**TASK**
Restate the whole of the data below word for word, skipping the images.

**COLLECTED MATERIAL**

※ ※ ※

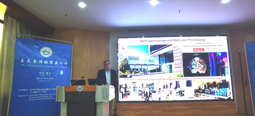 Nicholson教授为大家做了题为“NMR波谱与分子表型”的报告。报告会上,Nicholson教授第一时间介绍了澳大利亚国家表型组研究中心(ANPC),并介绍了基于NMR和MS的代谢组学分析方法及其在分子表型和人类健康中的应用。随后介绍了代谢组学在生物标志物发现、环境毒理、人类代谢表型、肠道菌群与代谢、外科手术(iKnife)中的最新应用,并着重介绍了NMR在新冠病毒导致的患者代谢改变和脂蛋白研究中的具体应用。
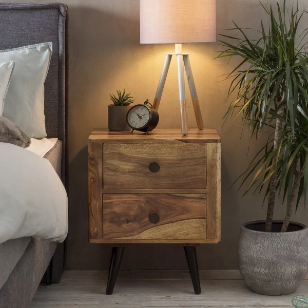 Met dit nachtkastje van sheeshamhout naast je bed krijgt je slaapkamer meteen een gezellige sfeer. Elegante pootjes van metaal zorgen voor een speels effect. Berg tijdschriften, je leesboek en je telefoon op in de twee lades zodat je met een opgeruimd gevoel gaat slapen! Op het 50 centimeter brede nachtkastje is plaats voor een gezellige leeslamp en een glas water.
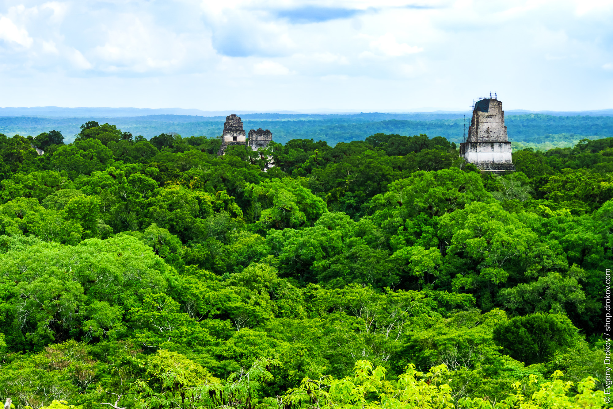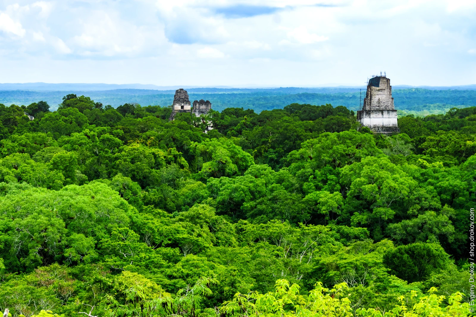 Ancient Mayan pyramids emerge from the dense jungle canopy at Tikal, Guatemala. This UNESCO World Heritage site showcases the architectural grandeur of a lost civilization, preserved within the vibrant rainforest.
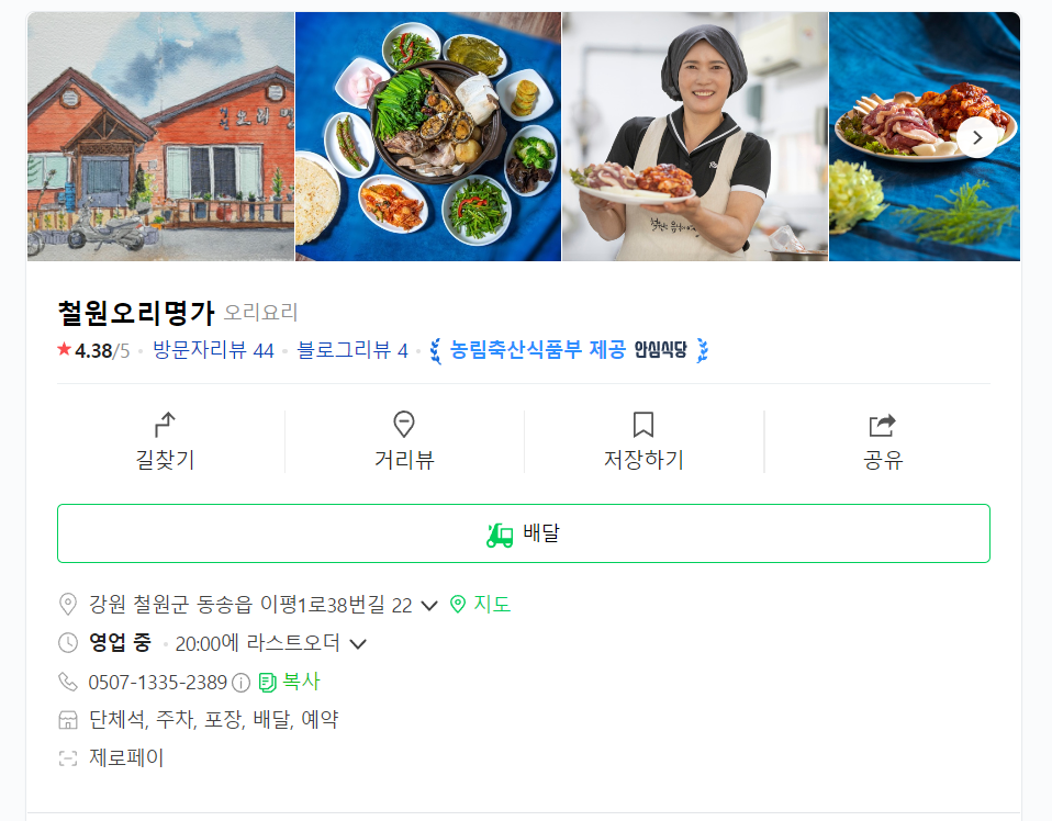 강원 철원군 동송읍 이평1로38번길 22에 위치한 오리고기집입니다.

※ ※ ※

**RESPONSE**
 Nicholson教授为大家做了题为“NMR波谱与分子表型”的报告。报告会上,Nicholson教授第一时间介绍了澳大利亚国家表型组研究中心(ANPC),并介绍了基于NMR和MS的代谢组学分析方法及其在分子表型和人类健康中的应用。随后介绍了代谢组学在生物标志物发现、环境毒理、人类代谢表型、肠道菌群与代谢、外科手术(iKnife)中的最新应用,并着重介绍了NMR在新冠病毒导致的患者代谢改变和脂蛋白研究中的具体应用。
 Met dit nachtkastje van sheeshamhout naast je bed krijgt je slaapkamer meteen een gezellige sfeer. Elegante pootjes van metaal zorgen voor een speels effect. Berg tijdschriften, je leesboek en je telefoon op in de twee lades zodat je met een opgeruimd gevoel gaat slapen! Op het 50 centimeter brede nachtkastje is plaats voor een gezellige leeslamp en een glas water.
 Ancient Mayan pyramids emerge from the dense jungle canopy at Tikal, Guatemala. This UNESCO World Heritage site showcases the architectural grandeur of a lost civilization, preserved within the vibrant rainforest.
 강원 철원군 동송읍 이평1로38번길 22에 위치한 오리고기집입니다.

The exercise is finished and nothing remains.